Information shown
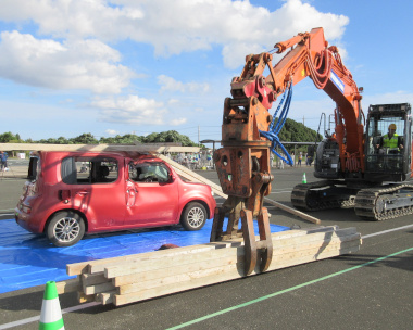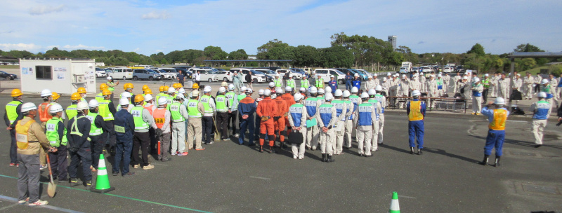 当日は、浜松建設業協会の土木・災害対策委員と、国土交通省浜松河川国道事務所、静岡県西部地域局、浜松市から消防局・土木部、(一社)静岡県西部解体工事業協会など約130名が参加。各機関が連携し、土砂の撤去やがれきの下敷きになった車からの救助作業等、効率的・効果的な手順を確認しながら訓練を行いました。
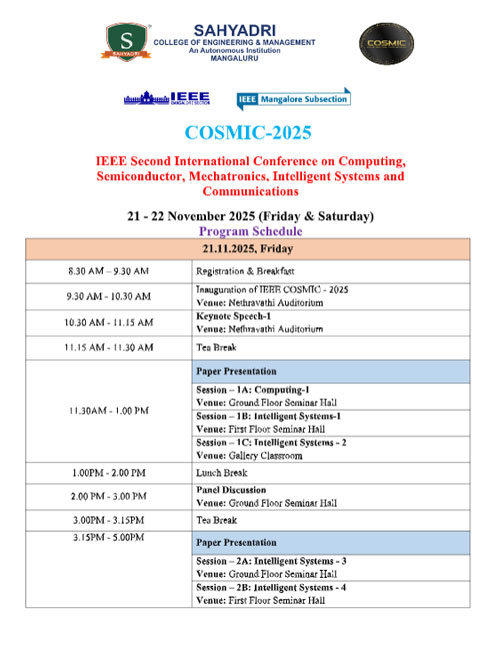 Mangaluru, Nov 19: IEEE Second International Conference on Computing, Semiconductor, Mechatronics, Intelligent Systems and Communications (COSMIC-2025) will be held on November 21-22, in the serene premises of Sahyadri College of Engineering & Management in the region of Mangaluru.
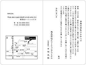 挨拶状にカラーの地図、カラーのロゴ、写真の挿入をご希望の場合は、挨拶状の基本料金に各種オプションの挿入費用とカラー印刷料金の追加が必要となります。
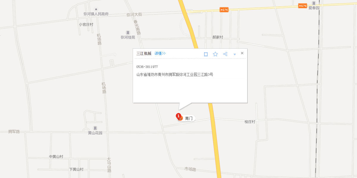 青州市三江機(jī)械有限公司坐落于中國北部的花木之鄉(xiāng)——山東省青州市,風(fēng)景優(yōu)美,交通便利,人杰地靈。
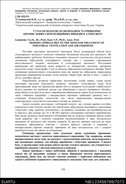 | Bibliographic description: | Gumnitsky Ya. M., Kuts V. P. (2015) Suchasni pidkhody do neobkhidnosti ochyshchennia promyslovykh i ventyliatsiinykh vykydiv v atmosferu [Modern approaches to the need for treatment of industrial ventilation and air emissions]. Proceedings of the international scientific-practical conference "Modern peculiarities of the innovation resource creation and management for the regional tourism and recreation development with youth resource involvement" (Tern., 15-17 october 2015), pp. 194-196 [in Ukrainian]. |
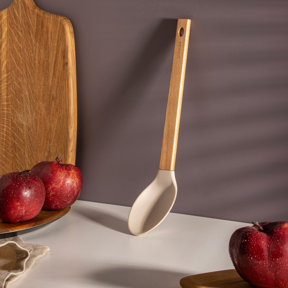 Ложка SATOSHI «Айвори» из термостойкого нейлона - отличная находка для размешивания блюд и распределения их по индивидуальным тарелкам. Кроме того, она не оставляет царапин, безопасно использовать на антипригарном покрытии. Эргономичная ручка посуды обеспечит удобный хват, предотвращая выскальзывание из рук.

Task goal
Repeat the listing verbatim, pictures excluded.

Problem solution
 当日は、浜松建設業協会の土木・災害対策委員と、国土交通省浜松河川国道事務所、静岡県西部地域局、浜松市から消防局・土木部、(一社)静岡県西部解体工事業協会など約130名が参加。各機関が連携し、土砂の撤去やがれきの下敷きになった車からの救助作業等、効率的・効果的な手順を確認しながら訓練を行いました。
 Mangaluru, Nov 19: IEEE Second International Conference on Computing, Semiconductor, Mechatronics, Intelligent Systems and Communications (COSMIC-2025) will be held on November 21-22, in the serene premises of Sahyadri College of Engineering & Management in the region of Mangaluru.
 挨拶状にカラーの地図、カラーのロゴ、写真の挿入をご希望の場合は、挨拶状の基本料金に各種オプションの挿入費用とカラー印刷料金の追加が必要となります。
 青州市三江機(jī)械有限公司坐落于中國北部的花木之鄉(xiāng)——山東省青州市,風(fēng)景優(yōu)美,交通便利,人杰地靈。
 | Bibliographic description: | Gumnitsky Ya. M., Kuts V. P. (2015) Suchasni pidkhody do neobkhidnosti ochyshchennia promyslovykh i ventyliatsiinykh vykydiv v atmosferu [Modern approaches to the need for treatment of industrial ventilation and air emissions]. Proceedings of the international scientific-practical conference "Modern peculiarities of the innovation resource creation and management for the regional tourism and recreation development with youth resource involvement" (Tern., 15-17 october 2015), pp. 194-196 [in Ukrainian]. |
 Ложка SATOSHI «Айвори» из термостойкого нейлона - отличная находка для размешивания блюд и распределения их по индивидуальным тарелкам. Кроме того, она не оставляет царапин, безопасно использовать на антипригарном покрытии. Эргономичная ручка посуды обеспечит удобный хват, предотвращая выскальзывание из рук.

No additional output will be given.